Live jedoch bergen die Songs tatsächlich viel Qualität, eine pulsierende Energie und vor allem neue Facette der Editors, die Abwechslung bringt. Nicht synthetisch wirken diese Songs, sondern organisch, ganz anders, als es auf manchen Momenten des Albums selbst wirkt. Selbst die von vielen kritisierte Single Papillon zündet völlig überraschend und verwandelt den Ringlokschuppen in einen großen Dancefloor.
Was an diesem Abend bleibt ist die Erkenntnis, dass die Editors mit ihrem dritten Album mehr in die Waagschale gelegt haben, als beispielsweise die immer in Vergleichen bemühten Interpol. Emotionaler, den Spagat zwischen Traurigkeit und Hoffnung immer punktgenau schlagend und textlich sehr nah an den Schattenseiten des alltäglichen Lebens. Ohne Tom Smith, mittlerweile absoluter Dreh- und Angelpunkt der Editors, wäre diese Band nur die Hälfte wert. Bezeichnend dafür die Situation, als ein Fan auf die Bühne gelangt, um eine Umarmung mit Smith zu ergattern, der er sich professioneller Weise nicht entzieht und sich offenbar ganz und gar nicht gestört fühlt. Unbeirrt und mit einem Lächeln auf den Lippen fährt er fort und mag sich denken, dass die Editors in Dimensionen gelangt sind, bei denen man die Worte „Pop-Startum“ in den Mund nehmen darf, dem sich ihr neues Album entziehen dürfte.
In this Light, On this Evening ist nicht das starke Überraschungsalbum geworden, dass sich alle erhofft haben.

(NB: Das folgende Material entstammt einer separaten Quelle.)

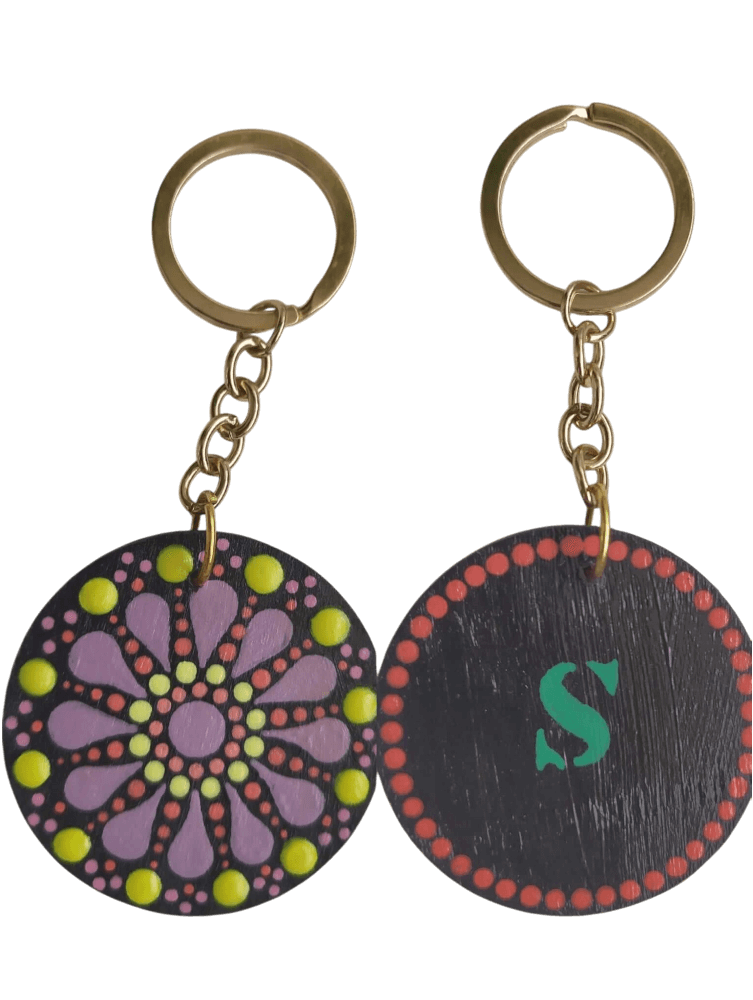 Este encantador llavero artesanal, de 5 cm de diámetro, está elaborado en madera y pintado a mano con esmero. Presenta de un lado un mándala colorido en tonos lilas, amarillos y rojos, creado con la técnica de puntillismo para transmitir alegría y vitalidad. En el reverso, luce una inicial personalizada en color verde, rodeada de un delicado marco de puntos rojos que resaltan sobre el fondo negro. Equipado con una anilla metálica dorada de alta calidad, es ideal para tus llaves, bolso o mochila. Cada pieza es única, pensada para regalar o llevar contigo un detalle lleno de arte, color y personalidad.

Live und umgeben von den Songs ihrer anderen Alben machen Songs wie The Boxer jedoch plötzlich Sinn, denn welche neue Facette hätte ein drittes waviges Gitarrenalbum den Editors noch bescheren sollen? Wie viel gewinnbringender in der Summe ist die Weiterentwicklung für ihre Livesituation. Und das ist nun eine Feststellung!
Andererseits bleibt In this Light and On this Evening das an zu vielen Stellen etwas überschaubare Hörerlebnis auf Platte. Aber es wird den Editors Luft verschaffen und viele Fans werden diese Entwicklung mittragen. Euphorisiert waren an diesem Abend jedenfalls die meisten, wenn auch kritische Stimmen nicht ausbleiben, die den Editors ihre Entwicklung beinahe persönlich übel nehmen. Aber wenn wundert das, bei solch emotionalisierender Musik.